Items from a data source:
■ ■ ■ ■

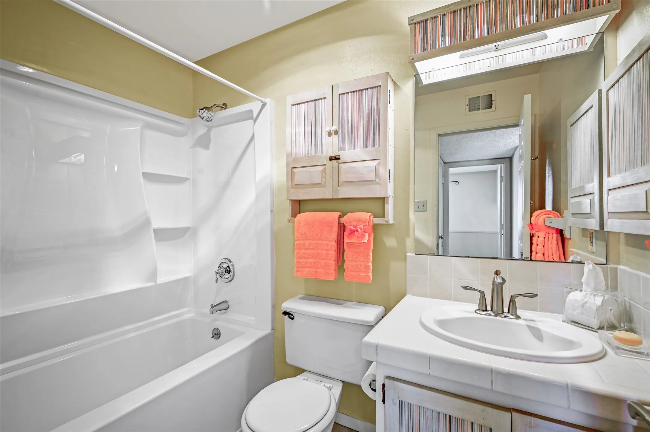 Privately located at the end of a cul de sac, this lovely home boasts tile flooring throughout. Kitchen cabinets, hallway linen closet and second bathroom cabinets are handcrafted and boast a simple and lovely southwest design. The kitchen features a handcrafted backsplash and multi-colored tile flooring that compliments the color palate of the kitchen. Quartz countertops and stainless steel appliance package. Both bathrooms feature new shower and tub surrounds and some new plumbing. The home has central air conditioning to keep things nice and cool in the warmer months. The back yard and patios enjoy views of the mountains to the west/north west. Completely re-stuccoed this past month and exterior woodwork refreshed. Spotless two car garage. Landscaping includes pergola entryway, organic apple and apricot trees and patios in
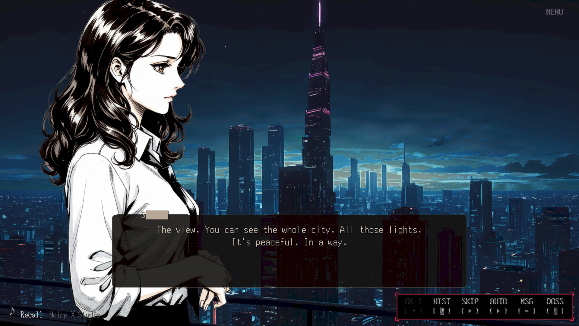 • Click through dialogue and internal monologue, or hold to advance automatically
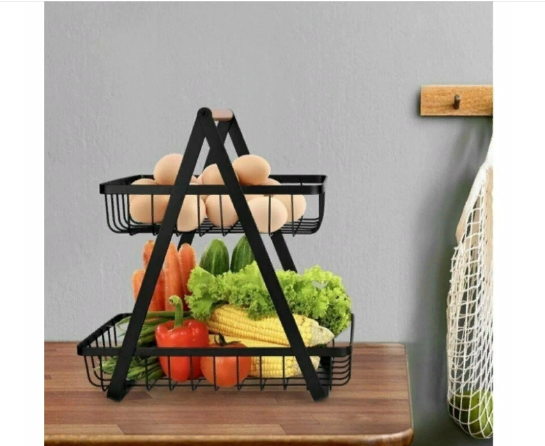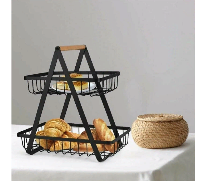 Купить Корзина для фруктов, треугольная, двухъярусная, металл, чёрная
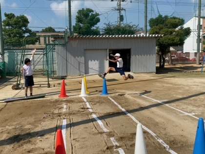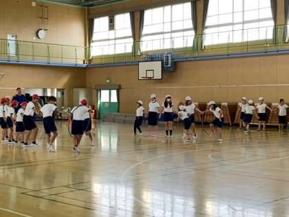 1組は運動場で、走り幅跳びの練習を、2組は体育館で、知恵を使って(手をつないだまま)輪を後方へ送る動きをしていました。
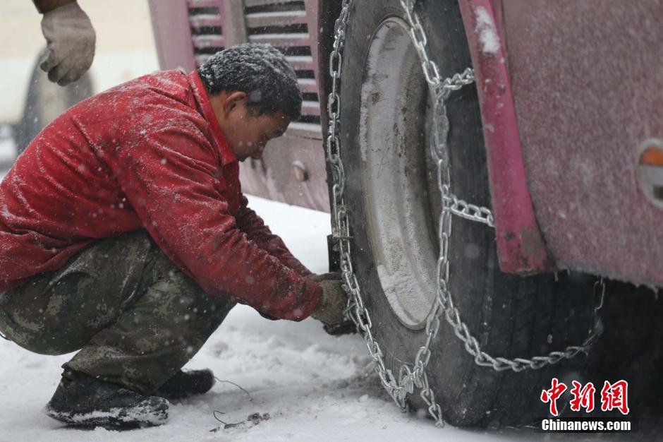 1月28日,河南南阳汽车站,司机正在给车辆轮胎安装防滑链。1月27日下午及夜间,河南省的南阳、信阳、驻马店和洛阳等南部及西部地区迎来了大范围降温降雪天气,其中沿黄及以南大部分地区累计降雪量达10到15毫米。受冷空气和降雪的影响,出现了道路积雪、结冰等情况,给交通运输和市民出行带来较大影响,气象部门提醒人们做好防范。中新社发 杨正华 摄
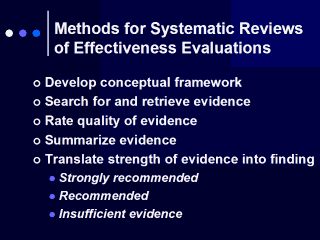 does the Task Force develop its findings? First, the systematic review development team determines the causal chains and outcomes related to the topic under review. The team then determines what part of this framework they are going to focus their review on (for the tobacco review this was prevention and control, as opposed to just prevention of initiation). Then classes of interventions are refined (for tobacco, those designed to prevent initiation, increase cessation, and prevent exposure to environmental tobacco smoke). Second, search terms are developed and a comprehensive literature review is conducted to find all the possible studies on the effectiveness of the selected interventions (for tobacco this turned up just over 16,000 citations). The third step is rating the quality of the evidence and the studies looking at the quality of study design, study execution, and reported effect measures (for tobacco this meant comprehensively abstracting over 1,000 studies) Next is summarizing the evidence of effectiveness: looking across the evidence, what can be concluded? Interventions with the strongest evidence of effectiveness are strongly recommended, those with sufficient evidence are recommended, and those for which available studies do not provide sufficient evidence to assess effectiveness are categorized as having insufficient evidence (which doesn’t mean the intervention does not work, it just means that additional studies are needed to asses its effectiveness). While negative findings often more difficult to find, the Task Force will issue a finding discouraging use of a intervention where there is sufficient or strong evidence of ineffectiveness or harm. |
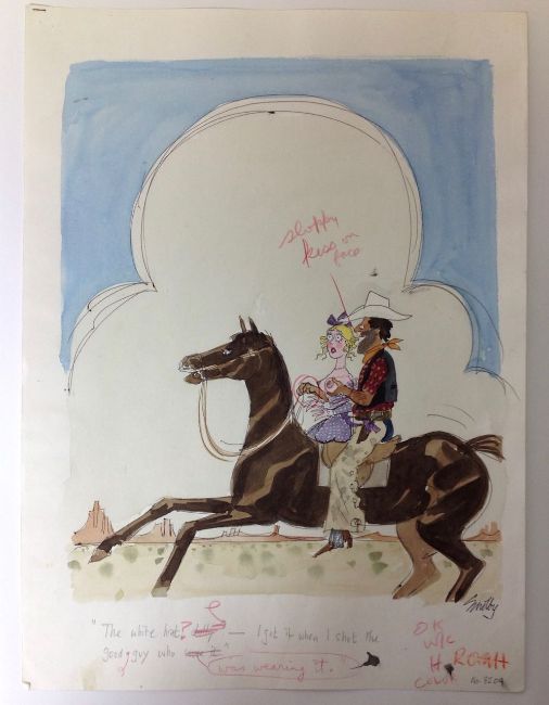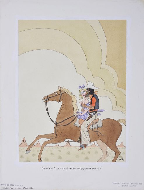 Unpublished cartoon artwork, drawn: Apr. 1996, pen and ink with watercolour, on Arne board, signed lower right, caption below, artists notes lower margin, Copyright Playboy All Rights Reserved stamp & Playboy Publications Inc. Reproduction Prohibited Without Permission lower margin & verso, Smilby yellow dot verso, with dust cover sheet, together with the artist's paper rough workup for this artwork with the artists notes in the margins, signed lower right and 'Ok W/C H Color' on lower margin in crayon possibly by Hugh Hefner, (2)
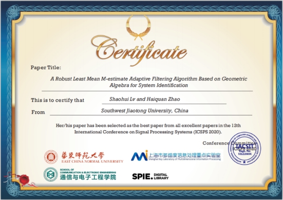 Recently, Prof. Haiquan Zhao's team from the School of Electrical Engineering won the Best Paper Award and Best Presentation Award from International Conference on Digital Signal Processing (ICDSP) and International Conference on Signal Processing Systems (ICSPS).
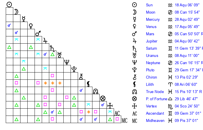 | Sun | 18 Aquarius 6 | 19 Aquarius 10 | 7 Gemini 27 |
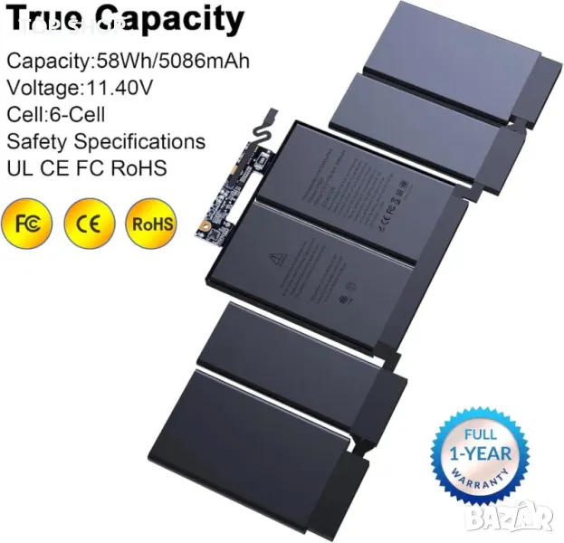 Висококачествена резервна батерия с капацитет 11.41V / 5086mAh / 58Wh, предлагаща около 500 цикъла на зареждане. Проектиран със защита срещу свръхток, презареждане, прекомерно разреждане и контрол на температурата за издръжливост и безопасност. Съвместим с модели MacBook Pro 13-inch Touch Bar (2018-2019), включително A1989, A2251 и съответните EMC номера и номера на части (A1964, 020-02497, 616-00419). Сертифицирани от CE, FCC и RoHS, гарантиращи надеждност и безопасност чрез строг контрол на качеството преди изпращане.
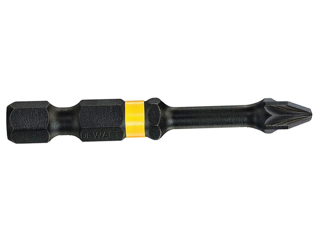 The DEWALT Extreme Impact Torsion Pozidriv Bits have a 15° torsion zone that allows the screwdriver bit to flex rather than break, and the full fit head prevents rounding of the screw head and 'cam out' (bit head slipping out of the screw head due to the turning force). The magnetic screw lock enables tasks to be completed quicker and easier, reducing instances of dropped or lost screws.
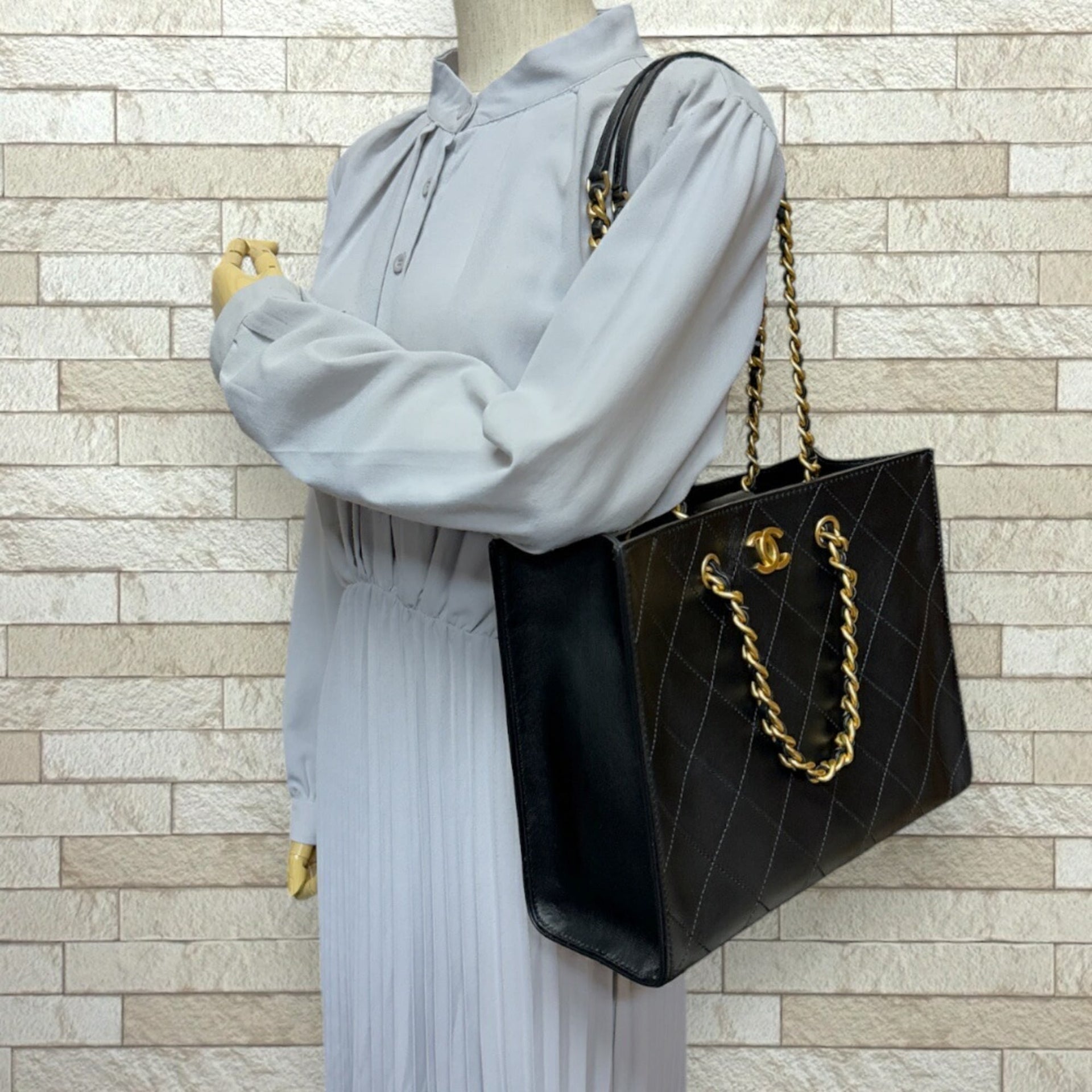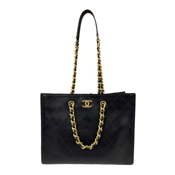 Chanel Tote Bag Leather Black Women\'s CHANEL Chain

■ ■ ■ ■

## The problem
Give all the records again, exactly, without images.

## Task output
 Privately located at the end of a cul de sac, this lovely home boasts tile flooring throughout. Kitchen cabinets, hallway linen closet and second bathroom cabinets are handcrafted and boast a simple and lovely southwest design. The kitchen features a handcrafted backsplash and multi-colored tile flooring that compliments the color palate of the kitchen. Quartz countertops and stainless steel appliance package. Both bathrooms feature new shower and tub surrounds and some new plumbing. The home has central air conditioning to keep things nice and cool in the warmer months. The back yard and patios enjoy views of the mountains to the west/north west. Completely re-stuccoed this past month and exterior woodwork refreshed. Spotless two car garage. Landscaping includes pergola entryway, organic apple and apricot trees and patios in
 • Click through dialogue and internal monologue, or hold to advance automatically
 Купить Корзина для фруктов, треугольная, двухъярусная, металл, чёрная
 1組は運動場で、走り幅跳びの練習を、2組は体育館で、知恵を使って(手をつないだまま)輪を後方へ送る動きをしていました。
 1月28日,河南南阳汽车站,司机正在给车辆轮胎安装防滑链。1月27日下午及夜间,河南省的南阳、信阳、驻马店和洛阳等南部及西部地区迎来了大范围降温降雪天气,其中沿黄及以南大部分地区累计降雪量达10到15毫米。受冷空气和降雪的影响,出现了道路积雪、结冰等情况,给交通运输和市民出行带来较大影响,气象部门提醒人们做好防范。中新社发 杨正华 摄
 does the Task Force develop its findings? First, the systematic review development team determines the causal chains and outcomes related to the topic under review. The team then determines what part of this framework they are going to focus their review on (for the tobacco review this was prevention and control, as opposed to just prevention of initiation). Then classes of interventions are refined (for tobacco, those designed to prevent initiation, increase cessation, and prevent exposure to environmental tobacco smoke). Second, search terms are developed and a comprehensive literature review is conducted to find all the possible studies on the effectiveness of the selected interventions (for tobacco this turned up just over 16,000 citations). The third step is rating the quality of the evidence and the studies looking at the quality of study design, study execution, and reported effect measures (for tobacco this meant comprehensively abstracting over 1,000 studies) Next is summarizing the evidence of effectiveness: looking across the evidence, what can be concluded? Interventions with the strongest evidence of effectiveness are strongly recommended, those with sufficient evidence are recommended, and those for which available studies do not provide sufficient evidence to assess effectiveness are categorized as having insufficient evidence (which doesn’t mean the intervention does not work, it just means that additional studies are needed to asses its effectiveness). While negative findings often more difficult to find, the Task Force will issue a finding discouraging use of a intervention where there is sufficient or strong evidence of ineffectiveness or harm. |
 Unpublished cartoon artwork, drawn: Apr. 1996, pen and ink with watercolour, on Arne board, signed lower right, caption below, artists notes lower margin, Copyright Playboy All Rights Reserved stamp & Playboy Publications Inc. Reproduction Prohibited Without Permission lower margin & verso, Smilby yellow dot verso, with dust cover sheet, together with the artist's paper rough workup for this artwork with the artists notes in the margins, signed lower right and 'Ok W/C H Color' on lower margin in crayon possibly by Hugh Hefner, (2)
 Recently, Prof. Haiquan Zhao's team from the School of Electrical Engineering won the Best Paper Award and Best Presentation Award from International Conference on Digital Signal Processing (ICDSP) and International Conference on Signal Processing Systems (ICSPS).
 | Sun | 18 Aquarius 6 | 19 Aquarius 10 | 7 Gemini 27 |
 Висококачествена резервна батерия с капацитет 11.41V / 5086mAh / 58Wh, предлагаща около 500 цикъла на зареждане. Проектиран със защита срещу свръхток, презареждане, прекомерно разреждане и контрол на температурата за издръжливост и безопасност. Съвместим с модели MacBook Pro 13-inch Touch Bar (2018-2019), включително A1989, A2251 и съответните EMC номера и номера на части (A1964, 020-02497, 616-00419). Сертифицирани от CE, FCC и RoHS, гарантиращи надеждност и безопасност чрез строг контрол на качеството преди изпращане.
 The DEWALT Extreme Impact Torsion Pozidriv Bits have a 15° torsion zone that allows the screwdriver bit to flex rather than break, and the full fit head prevents rounding of the screw head and 'cam out' (bit head slipping out of the screw head due to the turning force). The magnetic screw lock enables tasks to be completed quicker and easier, reducing instances of dropped or lost screws.
 Chanel Tote Bag Leather Black Women\'s CHANEL Chain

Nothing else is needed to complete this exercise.